Может, написание этой беспокойной женщиной письма самой к себе в автобусе оказалось бы не самым уместным занятием, но в более длительные тяжелые периоды жизни письменные обращения к себе как бы от третьего лица могут привнести в жизнь свежие дуновения. При таком раскладе никто лучше вас не знает адресата, но, если хорошенько вжиться в роль стороннего наблюдателя, может быть даже, дав ему имя, почувствовав его характер, интонации и выражение лица, – эмоциональное напряжение значительно спадает, и появляется возможность увидеть свое положение в совершенно новом свете, попутно узнав от себя же совершенно неожиданные пути выхода. «Мы часто боимся собственной мудрости». Вот и третий повод вскользь получился.

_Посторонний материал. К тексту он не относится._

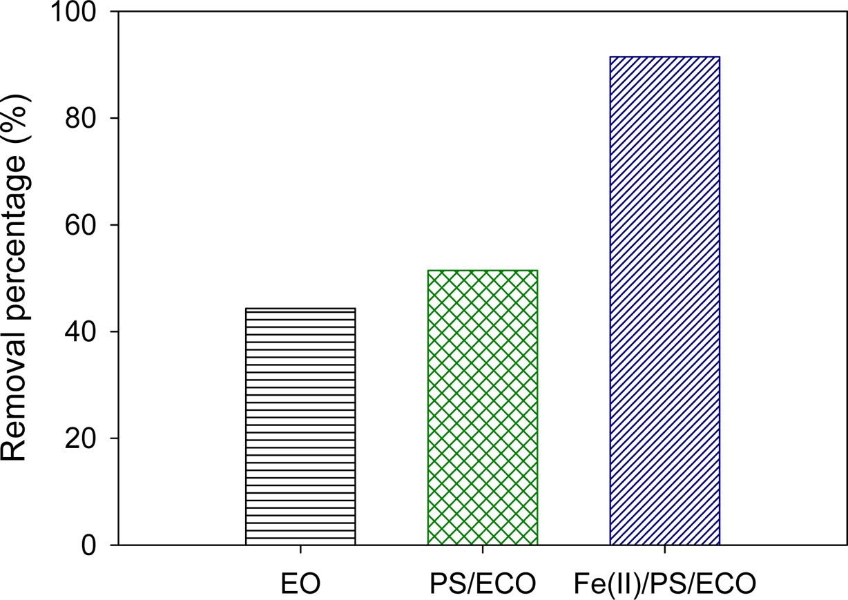 Fig. 5 Effect of the oxidation process type on 2,4-D removal (EO = electro-oxidation at current density = 8 mA/cm2 , Na2SO4 = 10mM, PS/ECO = persulfate-electrochemical oxidation at current density = 8 mA/cm2 , Na2SO4= 10mM, and PS = 10mM, and Fe(II)/PS/ECO = Fe(II) activated persulfate-electrochemical oxidation at current density = 8 mA/cm2 , Na2SO4 = 10 mM, PS = 10mM, and Fe(II) = 5 mM). |

Выступление на конференциях, активная включенность в разговор на тренингах и семинарах да и вообще любое публичное выражение своего мнения – это всякий раз выход из зоны комфорта, где можно было бы тихо отсидеться, в зону роста, где придется подвигаться. Ведь редкому человеку не присуще подспудное желание рисоваться в глазах окружающих самыми благостными образами. Честное же высказывание вовне всякий раз норовит растворить часть блестящей глазури, демонстрируя непредсказуемое нутро, и мы, к сожалению, об этом отлично знаем.
Потому, наверно, застенчивость можно считать одной из сторон высокомерия – так как в чем-то это попытка не расстаться с блестящей глазурью, то есть попытка казаться лучше, чем о тебе могут подумать, если начнешь просто быть собой вместо того, чтобы казаться. Содрав красивые обои, можно обнаружить стену красивую изысканную, которой и обои-то не нужны, а можно и грязную, пустившую глубокие трещины. Но, оставив обои, изъянов не увидишь и к должному ремонту не приступишь. А не снимаем мы обои чаще всего из-за неумения принять в себе то, что под ними находится. Выходит, говоря вовне, мы учимся принимать себя.
Письменная же форма, обращенная к многим, это принятие ответственности за свои слова и мысли, сильно растянутое во времени, что, на мой взгляд, усугубляет описанные выше моменты многократно. Так и четвертый повод упомянули.

Но не один из этих поводов не дарует легкости осуществления мысли в слове. Поход внутрь себя всякий раз потребует решительности и готовности работать. Как и в любом путешествии чтобы увидеть красоты новых мест, нужно потратить силы на дорогу. И чем богаче ваш опыт путешественника, тем глубже со временем доведется зайти, и тем шире станет ваш мир.


Daniil. E.


© 2024 МОО"Круг"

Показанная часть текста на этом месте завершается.